Replacing Pesticides With Genetics

via bioethicsbulletin.org
via bioethicsbulletin.org

Every spring, a host of unwelcome visitors descends on the Hansen farm in upstate New York. Diamondback moths blown in from the South threaten rows of cabbages to be sold for slaw and sauerkraut.

The moths can’t be fought off with a single insecticide. Workers must spray a series of chemicals throughout the growing season to keep the moths’ numbers in check.

“You have to rotate what chemical you use so you don’t get a buildup in resistance,” said Ed Hansen Jr., whose family has farmed the land for nearly a century. This adaptability, he said, makes the moths one of the worst pests to deal with each season.

At a university laboratory down the road, scientists are hoping to substitute sex for sprays. They have genetically modified thousands of diamondback moths, infusing them with DNA designed to kill female larvae. In August, the researchers began introducing the altered moths into outdoor cages in a field, where their mating habits will be monitored.

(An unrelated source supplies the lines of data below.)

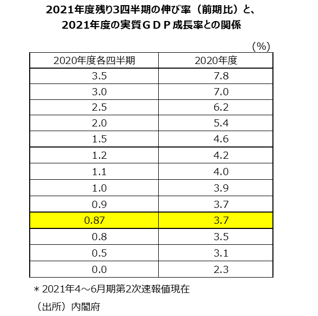 ●「令和3年度内閣府年央試算」の21年度実質GDP成長率見通し・前年度比+3.7%を達成するには、21年度残り3四半期で各々前期比年率+3.6%(前期比+0.87%)が必要である。20年度から21年度へのゲタは+1.8%である。なお、21年度残り3四半期が前期比+0.5%だと21年度実質GDP成長率・前年度比は+3.1%になる。21年度各四半期が前期比+1.0%だと21年度実質GDP成長率・前年度比は+3.9%になる。
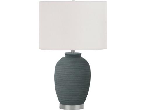 This fashionably versatile 24-in table lamp is the perfect way to brighten up any room in your home or office! With its contemporary design in a blue ceramic textured base atop a silver metal foot and a cream fabric drum shade, finished with a round silver finial on top, this stylish lamp adds flair to an end or side table, nightstand, or bedside table. Featuring a 3-way switch housing a single bulb with a maximum output of 100W/120V (not included), this ceramic accent lamp will illuminate any space in your living room, bedroom, or office. Made with durable quality materials ensuring longevity, this lamp includes a 2-year limited warranty against any manufacturer's defects for a worry-free purchase. Available for Online Purchase Only. Ships Directly from the Manufacturer. RC Willey Delivery is Not Available. Assembly required. Illuminate your space with this stylish and versatile 24 in table lamp featuring a textured finish base in a blue ceramic hue with a sleek silver metal footing, a drum shaped ivory fabric shade and finished with a round, silver finial on top. The convenient 3-way rotary switch using a maximum outage of 100W/120V (bulb not included), allows you to adjust the lighting ambiance and brighten up your office, living room or bedroom Attached with a transparent 6ft cord, this contemporary designed, decorative accent lamp adds a warm and inviting atmosphere when placed on an end or side table or nightstand as an added lighting option. Minor assembly is required with illustrated instructions included; confidently designed using durable materials, this lamp is backed with 2-year limited warranty against manufacturer's defects for your satisfaction.
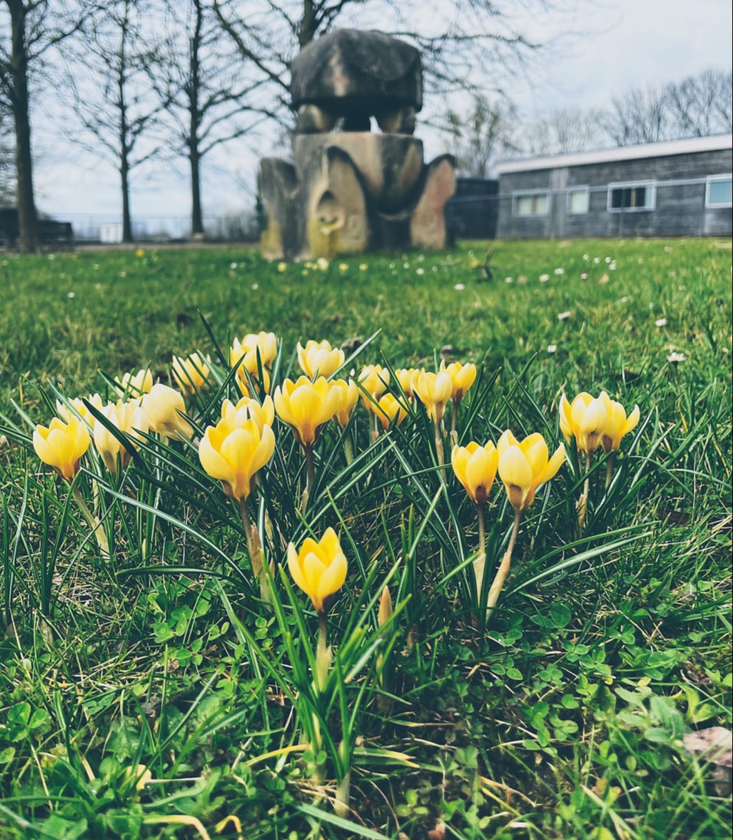 Variierte Platzierung: Für einen natürlicheren Look pflanze die Krokusse in kleinen Gruppen oder verstreut über die Rasenfläche.
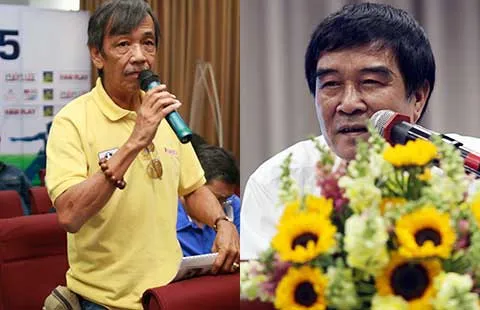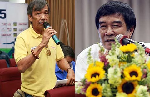 Phó Chủ tịch VFF Xuân Gụ (phải) mang tâm sự người lính đến với giải Fair Play. Ảnh trái: nhà báo lão làng Dư Hải đặt câu hỏi. Ảnh: XUÂN HUY

If the results are promising, the transgenic moths will be released into a small cabbage patch next summer. It would be the first experimental release on American soil of insects genetically engineered to self-destruct.

A plan to let similar transgenic mosquitoes loose in Key West, Fla., has met with strong opposition amid fears about being bitten. But federal regulators seem to have few worries about the safety of the moth experiments.

“Our goal as a community is to reduce the amount of pesticides used in agriculture,” said Anthony Shelton, the entomologist running the experiments at the Cornell University Agricultural Experiment Station. “Why not use genetics to accomplish this?”

An invasive species, the diamondback moth was once a minor nuisance. It became an agricultural headache in the late 1940s as chemical pesticide use exploded. The moth, the first crop pest to evolve resistance to DDT, multiplied as feebler competitors died off.

Today, the pest is found where kale, broccoli, Chinese cabbage and other cabbage cousins grow. Hungry caterpillars that hatch from eggs laid on the plants cost farmers an estimated $5 billion a year worldwide. And the diamondback moth continues to adapt to new generations of pesticides. In Malaysia, it is immune to all synthetic sprays.

In the 1990s, scientists searching for alternatives to pesticides bombarded diamondback moths with gamma rays to sterilize them. This tactic had eradicated from the United States a parasitic fly larva called the screwworm; for decades, hordes of radiation-sterilized male flies were released in the wild, outcompeting fertile males and reducing the population.

But the diamondback resisted even radiation. So Oxitec, the British biotechnology company working with Dr. Shelton, found another way to sabotage diamondback reproduction. The company, an Oxford University spinoff, stitched together scraps of DNA from a virus and a bacterium to make a gene deadly to female insects.

A female larva harboring the gene is dependent on regular feedings of the antibiotic tetracycline to survive. Out in the wild, she dies long before reaching adulthood.